Their report highlights many good practices in IRCs aimed at minimising the trauma of detainees. However, this situation was not helped by uncertainty over the length of their detention and the use of prison-like immigration detention centres such as Brook House and Colnbrook. The Committee also noted the UK’s positive commitment to ensuring that vulnerable people are not detained when that is harmful to their well-being. Nevertheless, more needs to be done to ensure that relevant measures operate effectively. Steps must also be taken to improve the flow of information and to remove the uncertainty surrounding the future of people detained in IRCs.

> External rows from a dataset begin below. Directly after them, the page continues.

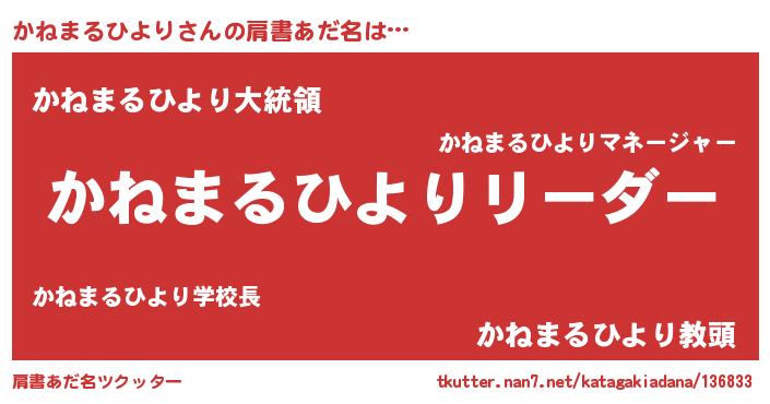 | 男性向けラノベタイトル風あだ名 | 『かねまるひよりの嫁は女の子じゃないと思った?』 |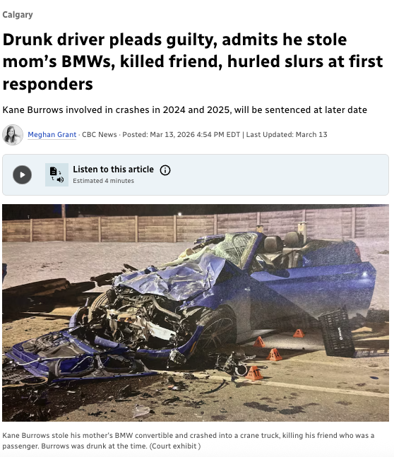 一名19岁的卡尔加里男子在法庭上承认,在短短八个月内,他偷走母亲的两辆宝马汽车、酒后驾驶并两次发生严重车祸,其中一次事故导致一名好友死亡。事故发生后,他还对赶到现场的急救人员和警察辱骂、威胁。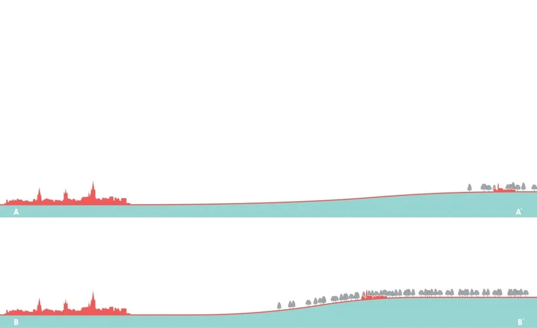 Op de arme heuvelrug wordt het kamertjes-landschap geherintroduceerd voor een hoog-waardige occupatiestrategie. Wonen op de heuvelrug in de kamers, met de bestaande kernen als basis; nieuwe vestigingen langs bestaande linten of op hernieuwde knooperven.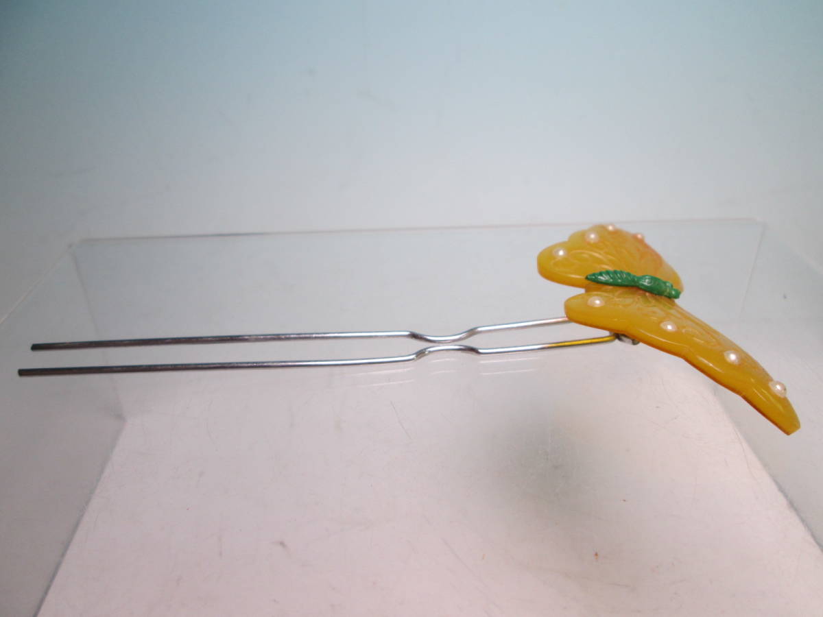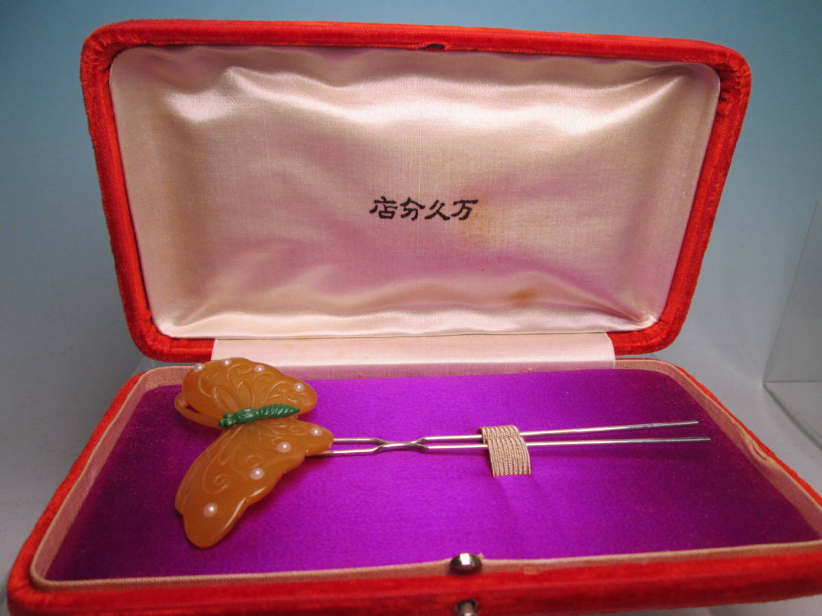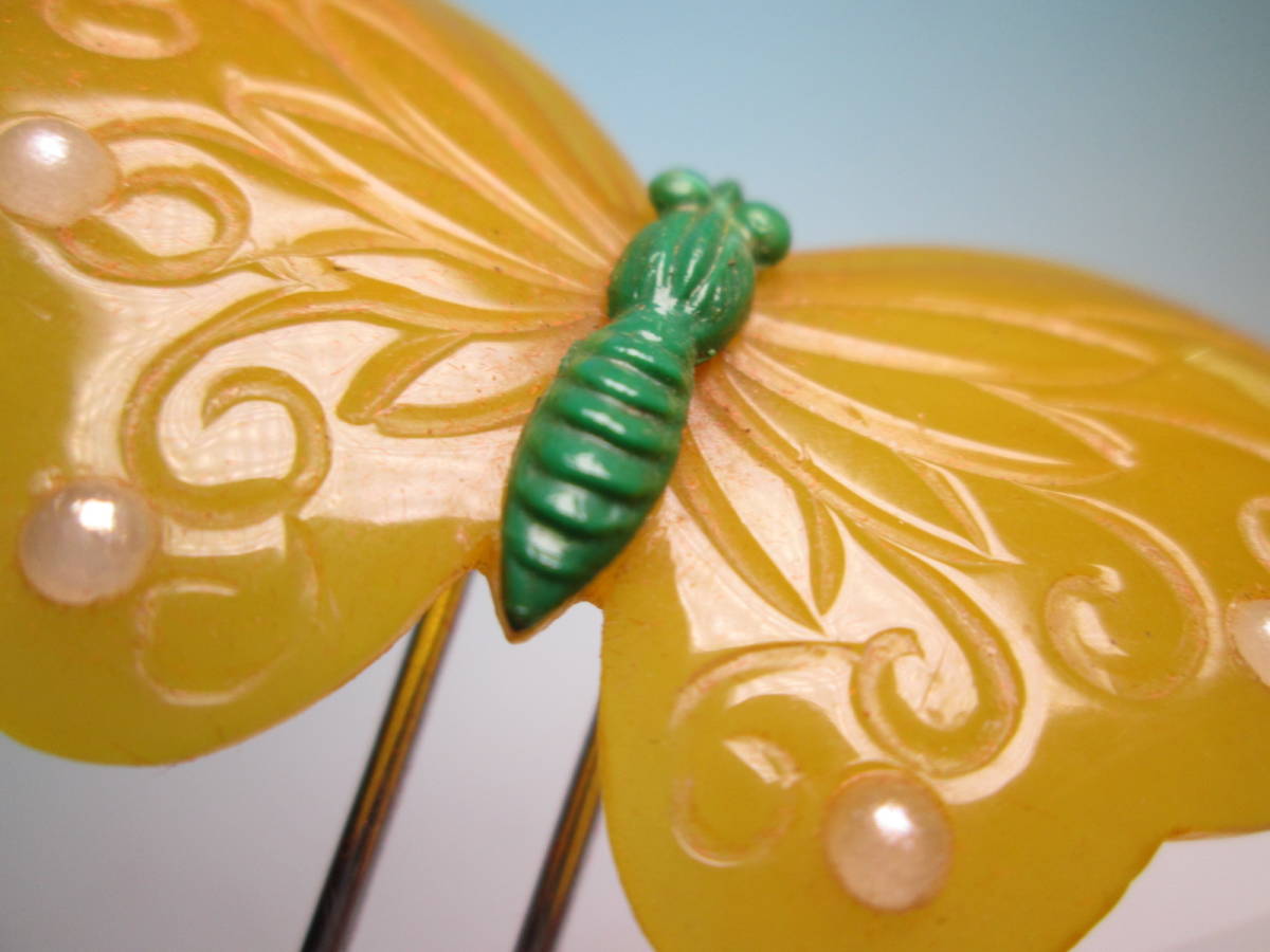 【江月】アンティーク・万久 緑砡本真珠飾りの蝶かんざし 共ケース付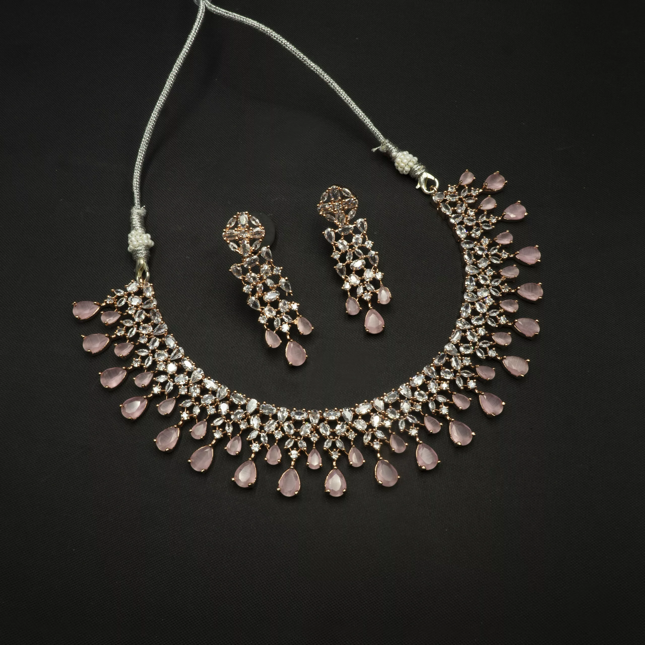 Tags: American Diamond, Brass, Collar Necklace, Cubic Zirconia, Necklace, Necklace Set, Pink, Pink Stones, Rose Gold, Rose Gold Plated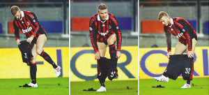 不知是不是太過(guò)賣(mài)力,動(dòng)作幅度太大,貝克漢姆的球褲在比賽中竟然撕裂了。向裁判申請(qǐng)后,米蘭隊(duì)工作人員將新球褲遞了上來(lái),場(chǎng)上的萬(wàn)人迷直接站在草地上,一把扯下身上的球褲,扔在地上,再將新球褲穿了上去。整個(gè)動(dòng)作連貫流暢,沒(méi)有一絲猶豫,不過(guò)在他彎腰的時(shí)候,全場(chǎng)觀眾仍然看到了他的黑色緊身內(nèi)褲下屁股的線(xiàn)條,這遠(yuǎn)遠(yuǎn)比貝克漢姆的腳法更容易讓女球迷激動(dòng)。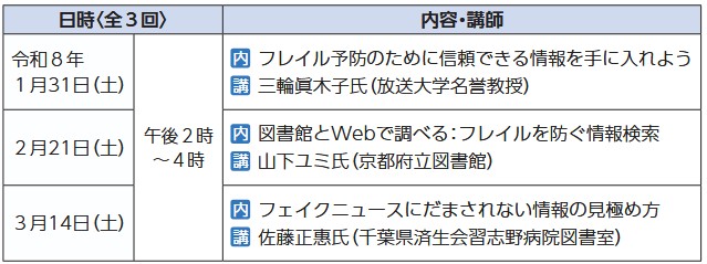 日時:12月13日・20日、令和8年1月10日・17日(各土曜日)午前9時30分~11時30分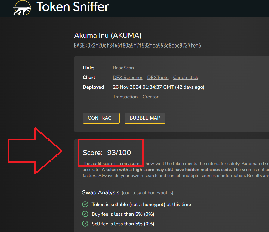 ⚡ トークン売却前に、TokenSniffer(https://tokensniffer.com/)を確認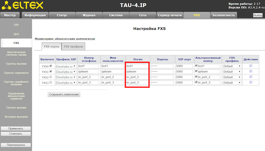 Вкладка «PBX – FXS – FXS порты – Включен FXS0 – Действия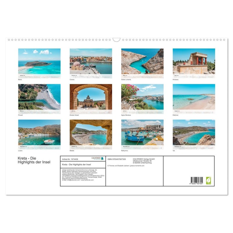 Kreta - Die Highlights der Insel (Wandkalender 2026 DIN A2 quer), CALVENDO Monatskalender: Traumhafte Fotomotive von der griechischen Insel Kreta (CALVENDO Orte)
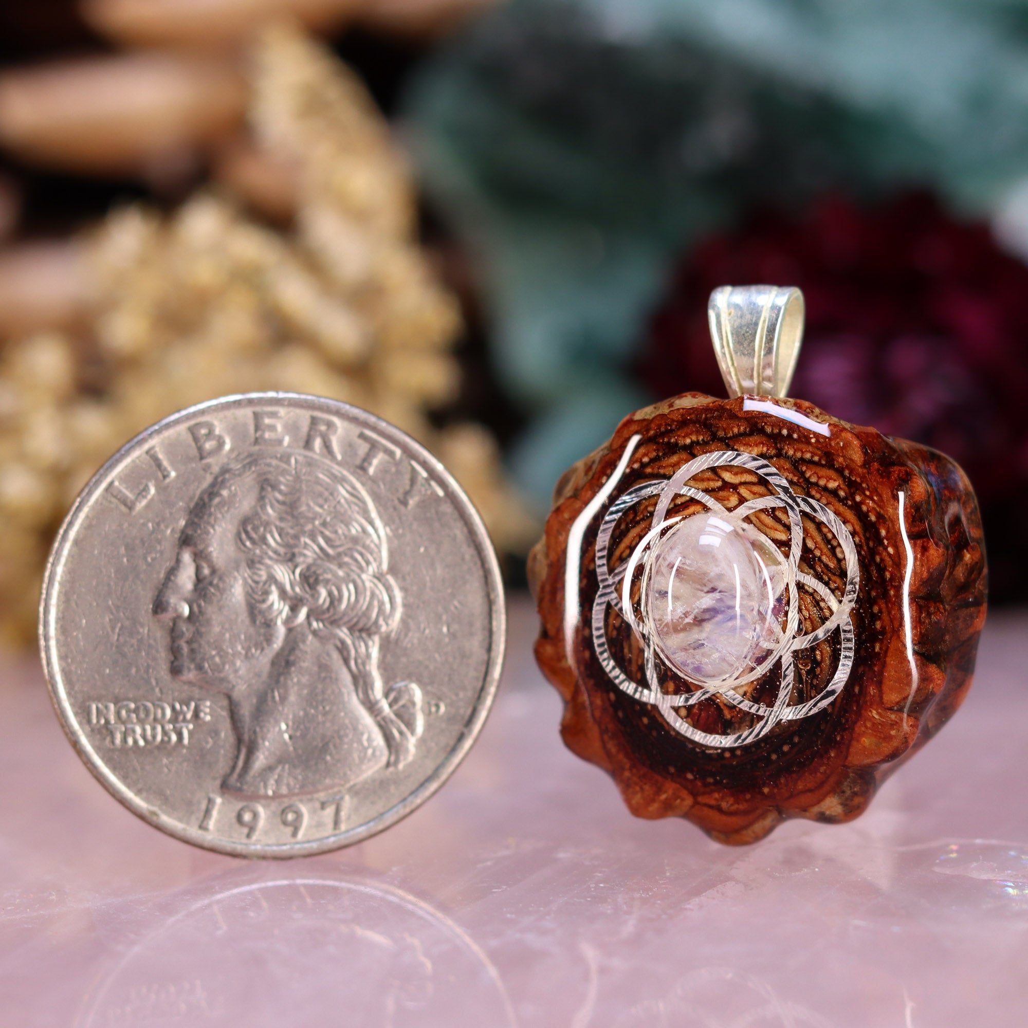 Every pinecone pendant is an elegant gift from Mother Nature -- unveiling the ornate Sacred Geometry hidden at the center of one of the world's densest Pinecones. Because only one cross-section is taken from the "heart" of each Cone, every pendant is absolutely unique, and truly one-of-a-kind.

The CPT underlined that foreign national offenders should be transferred from prison to an immigration centre once they have served their sentence, in line with their new legal status. The Committee also states that the UK’s Illegal Migration Bill 2023 and the Agreement with Rwanda both raise multiple concerns over the treatment of vulnerable people and the removal of foreign nationals to a country where they may be exposed to torture, inhuman or degrading treatment which is prohibited under the European Convention on Human Rights.
The report has been published together with the response of the UK authorities.